All of the listing is to be written out word for word, with the pictures left out.

### DATA

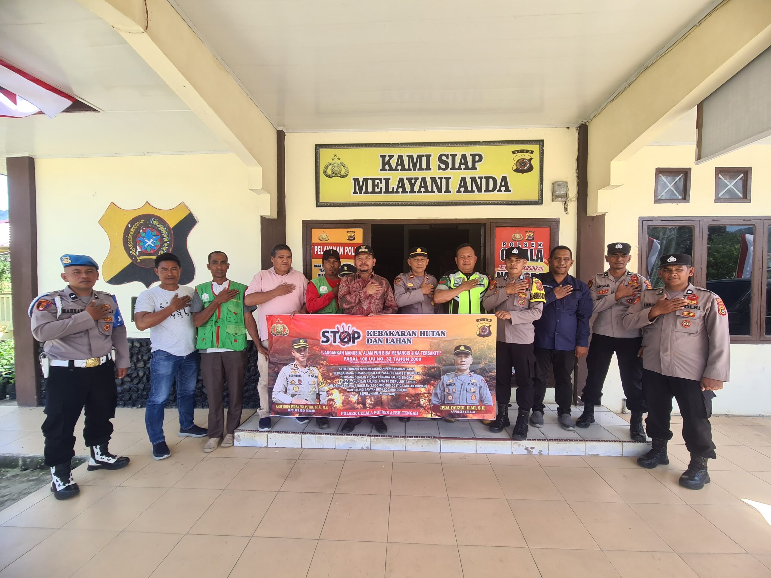 Menghadapi potensi kebakaran hutan dan lahan (Karhutla) di musim kemarau, jajaran Polsek Celala, Polres Aceh Tengah bersama unsur Forkopimcam Kecamatan Celala terus menggencarkan upaya pencegahan melalui sosialisasi langsung ke masyarakat dan pemasangan spanduk imbauan, Jumat (4/7/2025) sekira pukul 14.30 WIB.
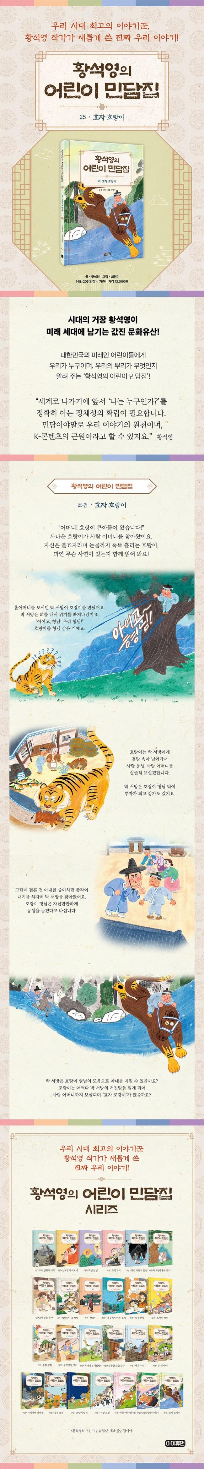 『황석영의 어린이 민담집 25. 효자 호랑이』에서는 사람을 잡아먹으려고 드는 무시무시한 모습과 사람에게 복을 가져다주는 신령스러운 모습, 또 사냥꾼의 꾀에 당하거나 사람을 어머니, 동생으로 여기며 살뜰히 보살피는 친숙한 모습을 모두 가진 호랑이를 만날 수 있답니다. 우리 조상들에게 호랑이가 어떤 존재였는지 『황석영의 어린이 민담집 25. 효자 호랑이』를 통해 알아봐요!
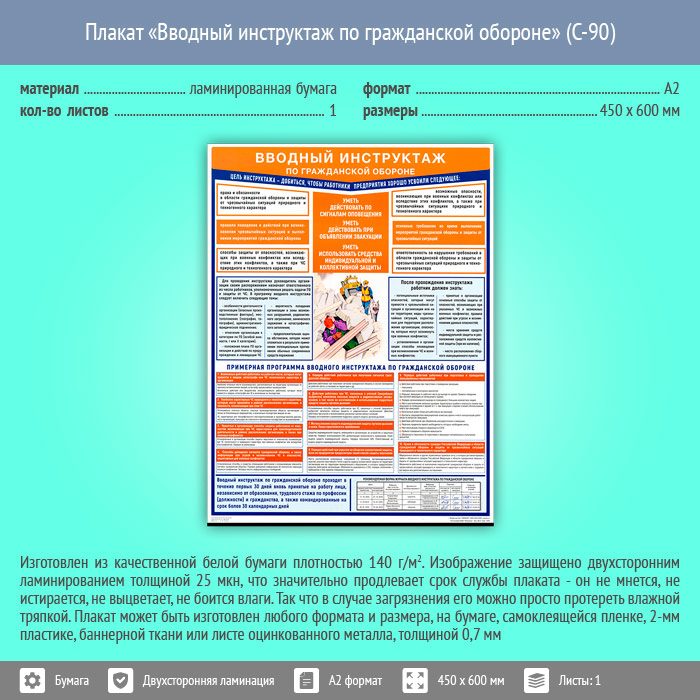 Плакат «Вводный инструктаж по гражданской обороне» (С-90, ламинированная бумага, А2, 1 лист) в Альметьевске купить

######

**OUTPUT FOR THIS EXERCISE:**
 Menghadapi potensi kebakaran hutan dan lahan (Karhutla) di musim kemarau, jajaran Polsek Celala, Polres Aceh Tengah bersama unsur Forkopimcam Kecamatan Celala terus menggencarkan upaya pencegahan melalui sosialisasi langsung ke masyarakat dan pemasangan spanduk imbauan, Jumat (4/7/2025) sekira pukul 14.30 WIB.
 『황석영의 어린이 민담집 25. 효자 호랑이』에서는 사람을 잡아먹으려고 드는 무시무시한 모습과 사람에게 복을 가져다주는 신령스러운 모습, 또 사냥꾼의 꾀에 당하거나 사람을 어머니, 동생으로 여기며 살뜰히 보살피는 친숙한 모습을 모두 가진 호랑이를 만날 수 있답니다. 우리 조상들에게 호랑이가 어떤 존재였는지 『황석영의 어린이 민담집 25. 효자 호랑이』를 통해 알아봐요!
 Плакат «Вводный инструктаж по гражданской обороне» (С-90, ламинированная бумага, А2, 1 лист) в Альметьевске купить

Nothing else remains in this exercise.